What makes this exploitation noteworthy is its determinism. The write occurs exactly once to the exact address specified. No race condition to win, no heap layout to control. The syscall pattern (IO ring create, buffer register, AFD operation) produces the write-what-where reliably on every attempt.

Patch Analysis

The patch shipped in KB5022303 (build 10.0.22621.1105) added ProbeForWrite calls before writing to user-supplied buffer addresses in the I/O completion path within afd.sys.
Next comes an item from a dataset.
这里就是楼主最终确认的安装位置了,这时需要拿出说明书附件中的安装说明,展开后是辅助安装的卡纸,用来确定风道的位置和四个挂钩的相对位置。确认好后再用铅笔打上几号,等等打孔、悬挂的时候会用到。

If the address falls in kernel space, the probe raises an exception caught by the driver's exception handler, preventing the write.
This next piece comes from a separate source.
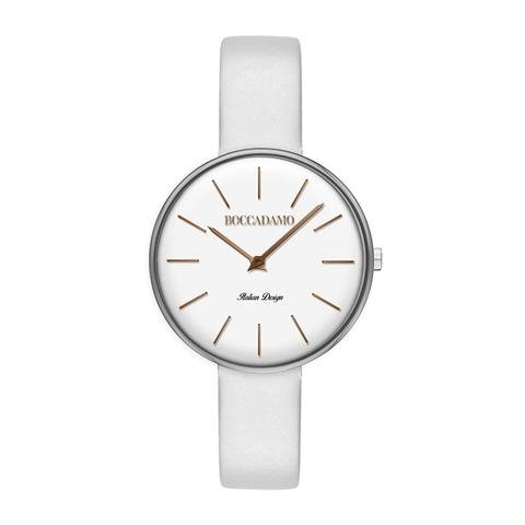 Orologio da polso da donna con quadrante circolare bianco, indici placcati oro rosa, cinturino in vera pelle bianco. Cassa e fondello: metallo e acciaio. Ansa cinturino: 10 mm. Lunghezza cinturino: 22 cm. Diametro cassa: 28 mm. Vetro: minerale. Movimento: Miyota 2025. Resistente all'acqua.

AutoPiff detects this patch pattern via the added_probe_for_write and added_probe_call rules, which identify the introduction of new ProbeForWrite invocations in the patched binary that were absent in the vulnerable build.

Detection

YARA Rule

rule CVE_2023_21768_AFD {
    meta:
        description = "Detects vulnerable version of afd.sys (pre-patch)"
        cve = "CVE-2023-21768"
        author = "KernelSight"
        severity = "high"
    strings:
        $mz = { 4D 5A }
        $driver_name = "afd.sys" wide ascii nocase
        $vuln_build = "10.0.22621.608" wide ascii
        $func_validate = "AfdRioValidateRequestBuffer" ascii
        $func_notify = "AfdNotifyRioRemoveCompletion" ascii
    condition:
        $mz at 0 and $driver_name and $vuln_build and ($func_validate or $func_notify)
}

ETW Indicators

Provider Event / Signal Relevance
Microsoft-Windows-AFD RIO completion events Registered I/O completion notification path where the missing ProbeForWrite allows kernel address writes
Microsoft-Windows-Kernel-Audit Token modification events Detects the EPROCESS token overwrite used to escalate from standard user to SYSTEM
Microsoft-Windows-Security-Auditing Event ID 4672 (Special privileges assigned) Low-privilege process acquiring SYSTEM-level privileges immediately after IO ring operations
Microsoft-Windows-Security-Auditing Event ID 4688 (Process creation) Child process launched with SYSTEM token from an unprivileged parent following AFD socket activity
Microsoft-Windows-Kernel-Process IO ring registration events Abnormal IO ring buffer registrations specifying kernel-mode addresses as completion targets

Behavioral Indicators

  • A user-mode process creates an IO ring via CreateIoRing, registers a buffer with BuildIoRingRegisterBuffers, and then performs an AFD socket operation that triggers a completion write to a kernel-mode address
  • No pool spray or heap grooming is needed; the write-what-where primitive is deterministic, so the syscall pattern (IO ring create, buffer register, AFD operation) is a reliable detection signature
  • The process calls NtDeviceIoControlFile on an AFD socket handle with I/O completion targeting an address above the user/kernel boundary (typically above 0x7FFFFFFFFFFF)
  • Token replacement in the current process's EPROCESS structure: the process transitions from a standard user token to SYSTEM without any legitimate elevation mechanism
  • Post-exploitation, the process (or a newly spawned child) operates with SYSTEM integrity, often performing actions inconsistent with its original user context

Broader Significance

CVE-2023-21768 is the textbook case for the missing ProbeForWrite vulnerability class. It demonstrates that even in 2023, a single omitted validation check in a core Windows driver can produce a clean, deterministic privilege escalation. The exploitation is so straightforward that it became widely reproduced and studied, making it one of the most educational Windows kernel exploitation examples of the year. For the AFD attack surface specifically, see the AFD Deep Dive for the complete pattern analysis.